The first acquisition module 10 is used for acquiring a test image corresponding to a workpiece to be tested and a trained neural network model; the second obtaining module 20 is configured to obtain training samples of the deep Q network, where the training samples include: the method comprises the following steps that a plurality of original images, data enhancement images corresponding to the original images and data enhancement behaviors are obtained; the training module 30 is configured to construct a deep Q network, and perform learning training on the deep Q network based on a training sample to obtain a state-behavior deep Q network model corresponding to the neural network model; the first determining module 40 is configured to input the test image into the depth Q network model to obtain at least one target enhancement behavior corresponding to the test image; the second determining module 50 is configured to perform data enhancement on the test image according to at least one target enhancement behavior, and input the enhanced test image into the neural network model to obtain at least one prediction result; the quality inspection module 60 is used for performing quality inspection on the workpiece according to at least one prediction result.
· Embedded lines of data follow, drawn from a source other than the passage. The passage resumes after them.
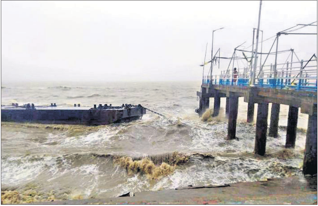
ବାଦ୍ୟରେ ଦକ୍ଷିଣ ୨୪ ପ୍ରଗଣା ଜିଲାର ବଖାଲିଠାରେ ଥିବା କଳୁବେରିଆ ଜେଟା ଭୁବ୍ଧି ପଡ଼ିଛି।
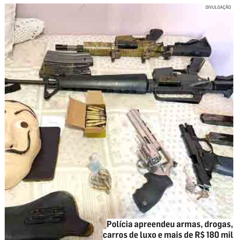
Polícia apreendeu armas, drogas, carros de luxo e mais de R$ 180 mil
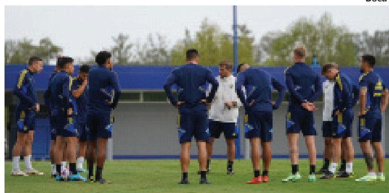
- Boca -

El "Xeneize" se presenta con DT interino, tras la despedida de Ibarra y el no de Martino. San Lorenzo, prendido en la lucha de arriba, recibe a un Independiente urgido de victorias. En Avellaneda, Racing buscará consolidar su buen momento ante el duro Huracán. - Pág. 8 -

In one embodiment of the present invention, training module 30 may include: a first composing unit for composing the plurality of data-enhanced images into a state space set S of the environment,
Figure 8695DEST_PATH_IMAGE037
wherein S istIndicating the state of the environment at time t, St+1Indicating the state of the environment at time t +1, STRepresenting the final state of the environment; a second composing unit for composing the plurality of data-enhanced behaviors into a behavior space set A of the agent,
Figure 987890DEST_PATH_IMAGE038
wherein A iskRepresenting a kth data enhancement behavior; and the interaction unit is used for obtaining a state-behavior deep Q network model based on the interaction between the intelligent agent and the environment.
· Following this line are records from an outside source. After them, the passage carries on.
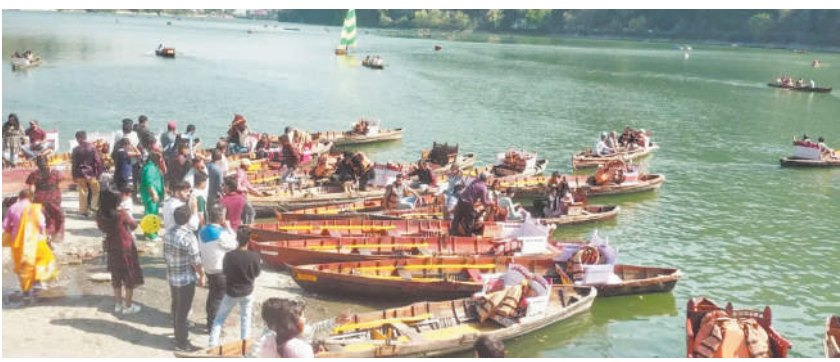
निखार नजर आया।

नैनीताल, एजेंसी। गर्मियां शुरू होने के साथ ही उत्तराखंड में सैलानी उमड़ने लगे हैं। खासकर सरोवर नगरी नैनीताल में पर्यटकों की भीड़ उमड़ रही है। वहीं इस बार वीकेंड आया तो नैनीताल में पर्यटकों की बहार साथ लेकर आया। इस वीकेंड पर भी सरोवर नगरी में पर्यटकों की भीड़ उमड़ पड़ी तो कारोबारी भी उत्साहित हो उठा। दरअसल वीकेंड का प्रचलन करीब डेढ़ दशक पहले शुरू हुआ, जो नगर की रंगत बढ़ा जाता है और पर्यटन कारोबारियों की आय में भी खासा बढ़ोतरी कर जाता है। कारोबारियों को उम्मीद है कि हिन्दू नववर्ष नौ नवंबर तथा 11 दिसंबर को ईद के बाद पर्यटकों की भीड़ और बढ़ेगी। शुक्रवार शाम से पर्यटकों का आना शुरू हुआ, जो शनिवार व रविवार दोपहर तक जारी रहने की संभावना है। जिस कारण नगर के होटलों के अधिकांश कमरे पैक हो चले हैं। पार्किंग स्थल पर्यटक वाहनों से पट गई। इस बीच नगर के बाजार पर्यटकों से पटे नजर आए, पर्यटन स्थलों में पूरे दिन भारी भीड़ रही। सोज्यो, राजभवन, चिड़ियाघर, हिमालय दर्शन व केव गार्डन में काफी चहल पहल रही। बड़ी संख्या में आवाजाही रही। सैलानियों ने झील में नौकायन का लुफ्त उठाकर सैरसपाटे को यादगार बनाया। मालरोड की रौनक में
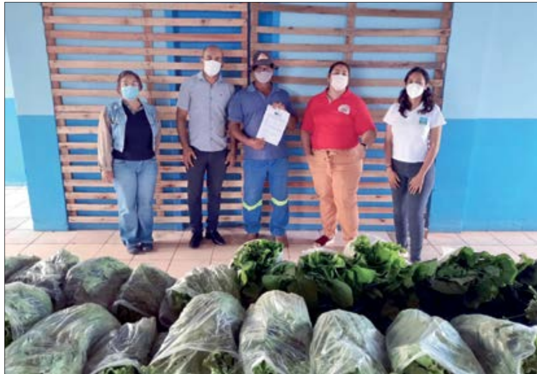
Além de injetar recursos na agricultura familiar, programa prevê distribuição de alimentos para famílias carentes
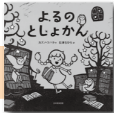
「よるのとしょかん」 カズノ・コハラ／著 光村教育図書
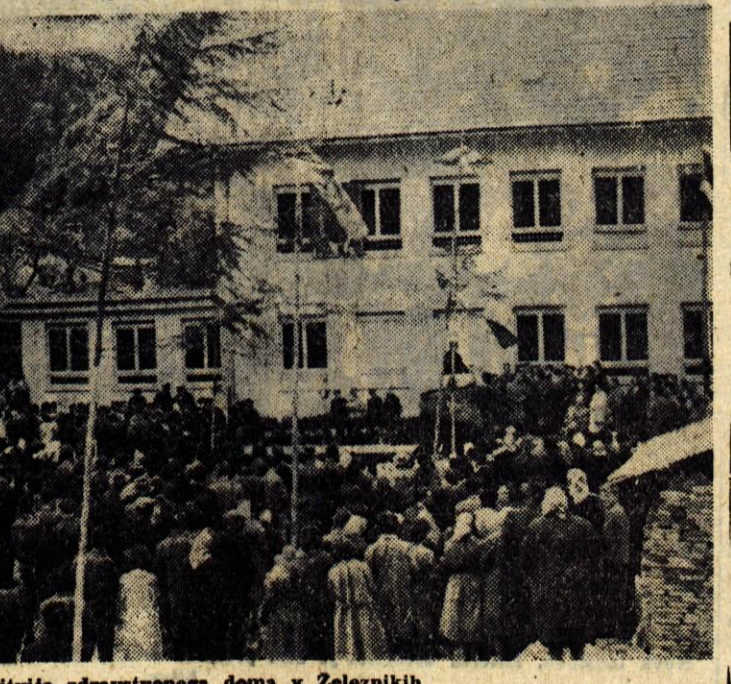
Med otvoritvijo zdravstvenega doma v Zeleznikih

V nedeljo, 7. maja, bo v Kranju okrajna konferenca organizacij Zveze borcev, na katero je povabljenih 120 delegatov in številni gostje. Zadnja okrajna konferenca je bila februarja 1958. letu. V letošnjem obračunu po treh letih dela hočejo zlasti pregledati kako organizacije ZB skrbijo za življenjske razmere preživelih borcev. Letošnja konferenca ima še posebno obeležje spričo 20-letnice revolucije in priprav na kongres ZB Jugoslavije, ki bo letos konec junija.
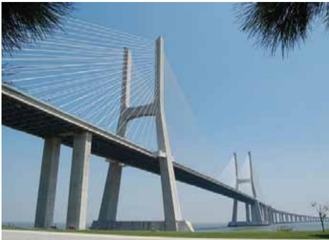
Fig. 3. Il ponte dedicato a Vasco da Gama è stato realizzato, su progetto di Santiago Calatrava, per l'Expo di Lisbona del 1998 e "oltre al suo ruolo fondamentale nel sistema di trasporti urbano, ha avuto anche un valore altamente simbolico per la città, rappresentando la concretizzazione delle attese da parte della popolazione residente" (La Rocca, 2008, p. 39).
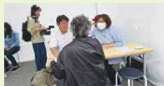
▲浦野も毎回、相談員として参加しています

元職場である中野共立病院・診療所の有志スタッフが毎月第4木曜日に中野駅北口で「なんでも相談会」をおこなっています。お一人で抱え込まず、お気軽にご相談ください。
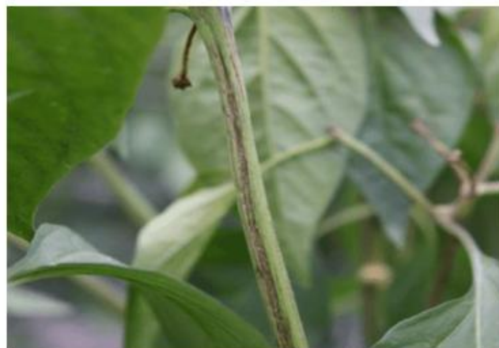
【CMV 발생 고추 줄기】
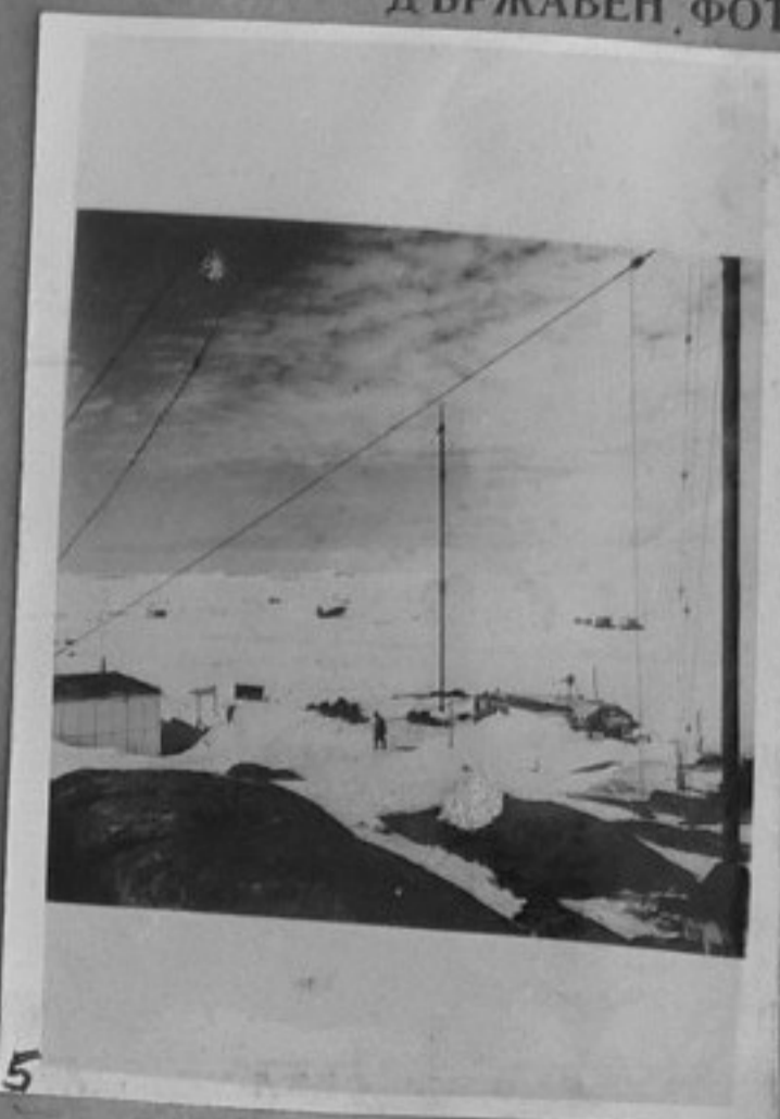
62/457-5-Антарктида. Общ изглед на селището Мирний. /ММ/
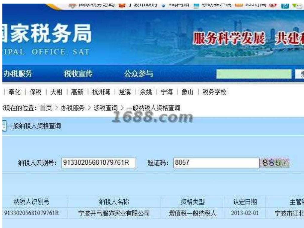
一般纳税人证明材料
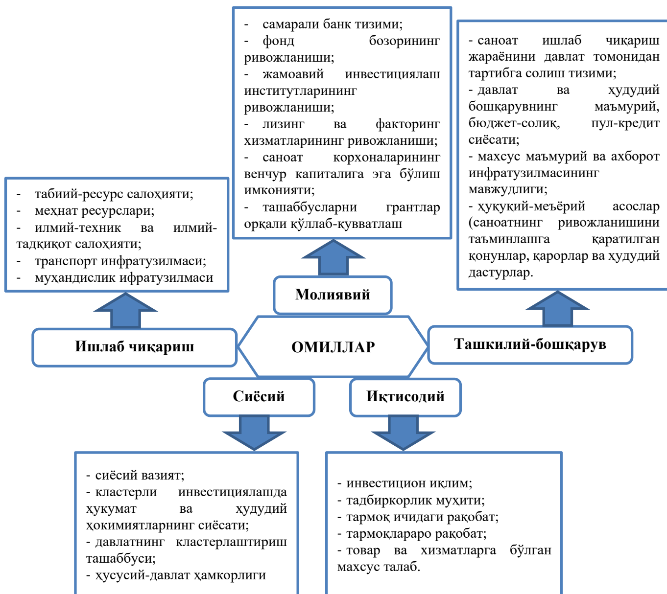
4-расм. Кластерларни ривожлантириш омиллари.

Мазкур тадқиқот давомида аниқланган ҳудудий кластерларни инфратузилмавий таъминлашни шакллантириш хусусиятлари ҳудудий кластерларни ривожлантириш дастурларида ҳисобга олиниши лозим бўлган ривожлантириш институтларини ташкил этиш (ҳамкорликка жалб этиш) заруратини аниқлаш имконини беради.
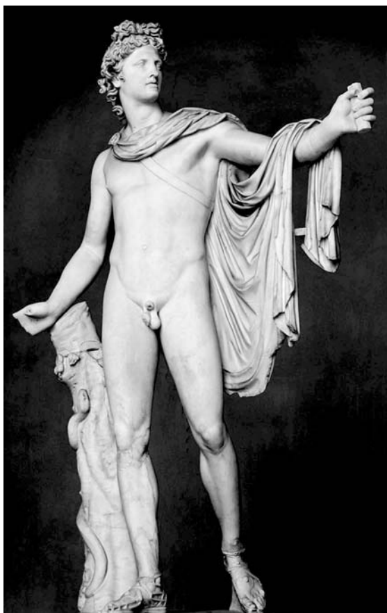
Тот самый Аполлон Бельведерский

А незадачливый поэт, который, быть может, и останется в истории литературы как человек, удостоившийся пушкинской эпиграммы, поспешил ответить стихотворением «Ответ Хлопушкину»:
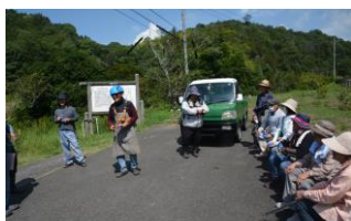
朝8時全員集合で会長挨拶

In an embodiment of the present invention, the interaction unit may be specifically configured to: obtaining the environmental state S at the moment tt(ii) a The environmental state S at the moment ttInputting the agent to make the agent according to the environmental state S at the time ttPerforming a data enhancement action A at time tt(ii) a Data enhancement behavior A at the time of execution of the agent ttThereafter, the state of the environment is changed to the environment state S at the time t +1t+1Simultaneously, feeding back the feedback reward value at the time of t +1 to the intelligent agent to enable the intelligent agent to execute the data enhancement behavior at the time of t + 1; obtaining the feedback reward value corresponding to each time, so as to combine the feedback reward values into a feedback reward set R,
Figure 989254DEST_PATH_IMAGE039
wherein R istIndicating the corresponding feedback prize value, R, at time tt+1Representing the corresponding feedback reward value at the t +1 moment; determining a value function of the agent according to each feedback reward value; and obtaining a state-behavior depth Q network model based on the cost function.
In an embodiment of the invention, the interaction unit, when determining the cost function of the agent according to the respective feedback reward values, may be specifically configured to: acquiring a control strategy pi of an agent and a state-value function and a behavior-value function corresponding to the control strategy pi; the interaction unit, when obtaining the state-behavior depth Q network model based on the cost function, may be specifically configured to: the state-behavior deep Q network model is optimized by maximizing the state-value function and the behavior-value function.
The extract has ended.